Разных людей сбивала война в штрафные роты. Иногда с очередным пополнением приходили откровенные негодяи, которые и здесь пытались урвать свое, в том числе и ценой чужой жизни. Но такие на переднем крае, как правило, жили недолго. Лагерный закон: умри ты сегодня, а я завтра, здесь не действовал. От смерти на войне солдата мог уберечь только верный товарищ, вовремя оказавшийся рядом, исправное оружие и толковый командир.

– Если что, тут же сообщи мне. Я на имя военкома письмо напишу, а батя подпишет.

– Спасибо, товарищ младший лейтенант.

Поговорил в ту ночь Воронцов с бойцом, а сам потом долго не мог уснуть. Как там дома, в Подлесном? Как Зинаида с детьми? Голодают небось. А тут как раз офицеры в полку начали посылать домой продовольственные аттестаты. Кто жене, кто матери, а кто невесте. Решил выслать довольствие и он. Но кому? В Подлесное? Матери, сестрам и деду Евсею? Или в Прудки? Зинаиде с Улюшкой и ребятами? Долго думал. Пошел во второй взвод, посоветоваться с Кондратием Герасимовичем. Тот выслушал его и сказал:

– А и у меня ж, Сашок, такая же загвоздка. Правда, мои Нелюбичи еще под немцем. Но рассуди так. Твои-то, в деревне, в своей хате живут? Не сожгли их. Корова есть. Огород есть. Проживут. А там – дочь. Родная кровинушка. И – сироты. Так что никакая мать не попрекнет тебя, если ты о родной дочери позаботишься. Ты же не девке на ветер аттестат шлешь. Вон, взводный Медведев, когда на станции ночевали, познакомился там с одной. И что ты думаешь? Вчера признался, что ей свой аттестат выслал. Ну не дурак! А она, говорят, и с немцами тут гуляла… – И вдруг Нелюбин спросил его: – Ты, Сашка, скажи мне следующее… Как товарищ товарищу. Ты к ней, к Зинаиде, собираешься вернуться?

– Да. Я ей обещал.

– А что обещал? За дочкой приехать? Или что?..
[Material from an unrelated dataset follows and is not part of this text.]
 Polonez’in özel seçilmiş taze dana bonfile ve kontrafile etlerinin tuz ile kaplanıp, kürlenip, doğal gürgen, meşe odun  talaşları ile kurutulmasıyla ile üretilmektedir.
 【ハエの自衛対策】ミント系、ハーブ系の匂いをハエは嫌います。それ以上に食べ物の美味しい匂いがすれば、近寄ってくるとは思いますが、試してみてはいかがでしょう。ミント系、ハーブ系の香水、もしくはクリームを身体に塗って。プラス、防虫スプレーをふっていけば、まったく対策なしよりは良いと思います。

– Разговор был такой, что я за всеми приеду. Как же я, Кондратий Герасимович, Пелагеиных детей брошу? Она ж мне роднее родной была.

– Вот и молодец! Вот и правильно!

– Если только отец их не отыщется.

– Ну, отыщется, тогда другое дело. Тогда решите между собой, как быть.
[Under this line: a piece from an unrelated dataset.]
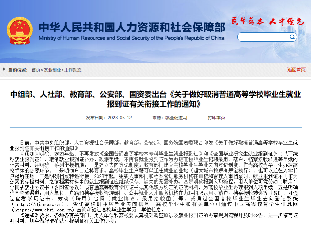 中组部、人社部、教育部、公安部、国资委出台《关于做好取消普通高等学校毕业生就业报到证有关衔接工作的通知》日前,中共中央组织部、人力资源社会保障部、教育部、公安部、国务院国资委联合印发《关于做好取消普通高等学校毕业生就业报到证有关衔接工作的通知》。《通知》明确,2023年起,不再发放《全国普通高等学校本专科毕业生就业报到......

– А что решать, дети-то – его. А Зинаиду с Улюшкой, жив буду, заберу. Это я тебе как фронтовому товарищу обещаю.

– Ну а чувство ты к ней имеешь? – допытывался Нелюбин. – Сердечное влечение? А? С такой женщиной, как Зинаида Петровна, истуканом по соседству не проживешь. Имей в виду. Тут, брат, взаимность надо иметь.
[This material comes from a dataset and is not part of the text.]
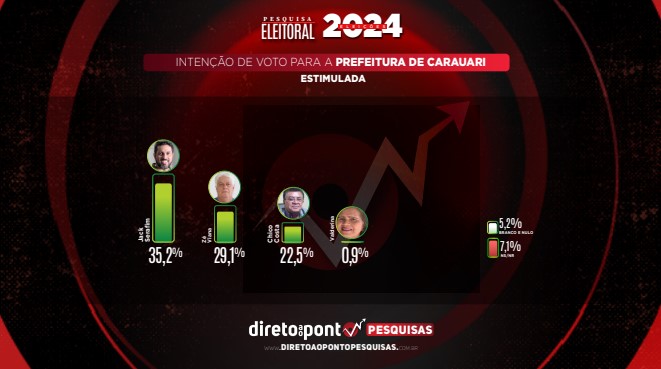 O Instituto Direto ao Ponto Pesquisa, mostra que o comunicado e cientista político Jack Serafim segue na frente na corrida eleitoral pela Prefeitura de Carauari, conforme pesquisa divulgada nesta última segunda-feira (21).

– Да что ж ты, Кондратий Герасимович, как свекор допытываешься! Говорю же – обещал.

Нелюбин посмотрел на Воронцова и сказал:

– Мне-то ты не обещай. Ты себе зарок дай. Так-то. Я-то тебе, может, недолгий свидетель. Ненадежный.

И вот Сороковетов со своим расчетом стоял перед Воронцовым. Минометчики ждали, что скажет взводный.

– Видите, пулемет на той стороне?

– Вас понял, товарищ младший лейтенант, – тут же прищурился Сороковетов. – Емеля, сколько до него?

– Днем бы его увидеть… – отозвался Емельянов. А так – метров двести пятьдесят. Первую мину кинем, там и узнаем.

– Ну что, товарищ младший лейтенант? Будем стрелять? – прищурился в темень Сороковетов.

– Стрелять пока погодите. Может, разведка тихо пройдет. Готовьте миномет. И имейте в виду, что взвод двумя отделениями пойдет левее. Не заденьте своих. А то будет нам тогда – бессрочная служба в гвардейской штрафной…

Солдаты тут же кинулись в землянку, загремели пустыми коробками из-под мин, которыми маскировали нештатный миномет на случай проверки. Применять трофейное оружие во время боя им дозволялось. Многие имели немецкие пистолеты и даже автоматы. В ближнем бою они были удобнее и эффективнее длинных мосинских винтовок. И на это ротный смотрел сквозь пальцы. Но миномет во взводе – это было уже слишком. Тем более что минометный взвод, приданный отдельной штрафной роте еще в самом начале ее формирования, под Зайцевой горой, постоянно кочевал с ней с участка на участок и хорошо поддерживал в бою.

– Тише вы гремите своими железяками! – пристрожил командир второго отделения сержант Численко.